Summary. The paper identifies aggregation biases in GRPO-style RLVR: token aggregation induces sign-length coupling while sequence aggregation downweights longer responses via equal weighting. It proposes Balanced Aggregation (BA) as a drop-in fix that computes separate token-level means over positive and negative subsets then reweights by sequence counts. Experiments on Qwen2.5-Math-7B and Qwen3-1.7B trained on DAPO-17k and Polaris, evaluated across six reasoning and coding benchmarks, report that BA yields improved training stability and final performance relative to standard token and sequence aggregation.

Significance. If the gains can be attributed specifically to bias removal, the work would usefully spotlight an under-examined design choice in policy-gradient aggregation for verifiable-reward RL. The proposal is simple and the evaluation spans two model scales and two datasets, which strengthens the practical case. The analysis tying relative effectiveness to response-length statistics is a constructive contribution. However, without controls that isolate mechanism from scale, the significance remains provisional.

major comments (2)

[Experiments] Experiments section: the direct comparisons of BA against token and sequence aggregation do not include gradient-norm matching, learning-rate rescaling, or scale-controlled ablations. Different aggregation operators alter the magnitude of the summed policy gradient, so the reported stability and benchmark gains cannot be confidently attributed to removal of sign-length coupling or length downweighting rather than incidental changes in effective update scale.
[Results] Results: no error bars, statistical significance tests, or quantitative effect sizes are reported for the claimed consistent improvements in stability and performance. This weakens the ability to assess reliability of the central empirical claim.

minor comments (1)

[Abstract] Abstract: the statement that BA 'consistently improves' would be more informative if accompanied by concrete metrics or relative gains.

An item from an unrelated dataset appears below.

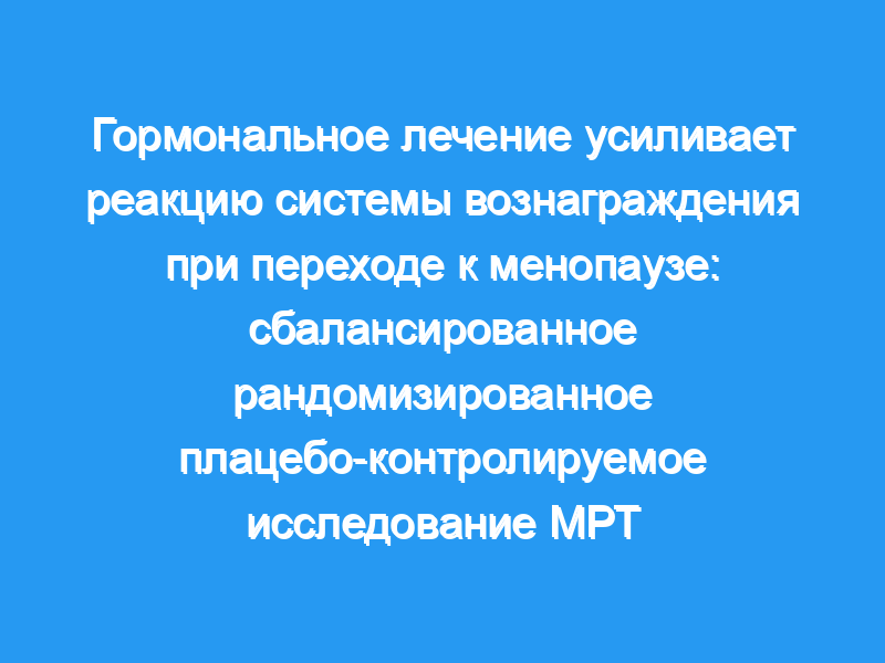 Эти результаты создают нейробиологическую основу для понимания нейрофункционального влияния раннего начала ГТ на обработку вознаграждения при переходе к менопаузе.

Simulated Author's Rebuttal

2 responses · 0 unresolved

We thank the referee for the constructive feedback, which helps clarify the attribution of our empirical results. We address each major comment below and have revised the manuscript to incorporate additional controls and statistical reporting.

read point-by-point responses

Referee: [Experiments] Experiments section: the direct comparisons of BA against token and sequence aggregation do not include gradient-norm matching, learning-rate rescaling, or scale-controlled ablations. Different aggregation operators alter the magnitude of the summed policy gradient, so the reported stability and benchmark gains cannot be confidently attributed to removal of sign-length coupling or length downweighting rather than incidental changes in effective update scale.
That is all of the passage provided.